11. Can the authors provide additional detail on the microbiological methods used for detection of fungi, as well as the clinical criteria used to identify true infections?

12. How many patients were eligible for IPD meta-analysis? The numbers in forest plots seem very low and not conducive to drawing conclusions on outcomes in this patient population.

13. Comparing all-cause mortality among type and duration of AFT doesn't seem appropriate given 1) the low sample size and 2) the lack of accounting for confounding factors.

Reviewer #2: The present systematic review and meta-analysis aims to evaluate the prevalence of fungal co-infections among COVID-19 patients and their recovery or all-cause mortality following antifungal therapy. After analyzing the selected reports, the paper indicates that there is a high survival among patients who used antifungal drugs, and that the all-cause mortality in COVID-19 patients with fungal coinfections is not associated with type and duration of the drug therapy. The work is interesting and relevant; however, the manuscript has some points, that need to be adjusted.

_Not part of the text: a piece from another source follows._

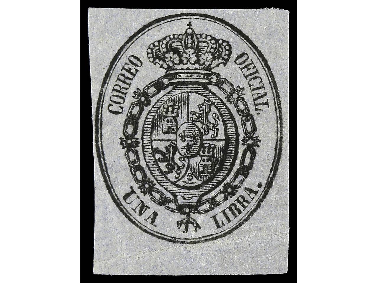 ESPAÑA. 1 real azul verdoso. LUJO. RARO en esta calidad. Cert. COMEX. Ed.41. Cat. +1.900€. (Image1) (Image2)

A critical point is the use of “unpublished material”. This kind of data is not easily available to anyone. So, what is the rational for using material that has not been peer reviewed and accessible to any researcher? Unless is from bioRxiv, for example. This needs to be very well clarified. Also, the Results section is extremely long and should be cut.

More points to be addressed:

Introduction

- “The exact incidence of fungal co-infections in COVID-19 patients has not been established.” – this reviewer does not agree with this sentence. Please check these works, where this has been estimated (in general or locally): doi: 10.1007/s11046-020-00462-9; DOI: 10.3390/jof7090720; doi: 10.1016/j.cmi.2020.06.025 and correct the information;

- In terms of drugs, I would recommend checking this recent work: doi: 10.1016/j.jmii.2020.05.013;

- “The commonly used antifungal therapy (AFT) include liposomal amphotericin B, azole antifungals,and echinocandins[6].” – antifungals after “azoles” is unnecessary. All examples are antifungals. Correct this in the entire MS;

M&M:

- RevMan 5.4 – country and manufacturer?

Results:

- This section is too long. The MS provides nice tables, so some of the information should be summarized. Is too exhaustive.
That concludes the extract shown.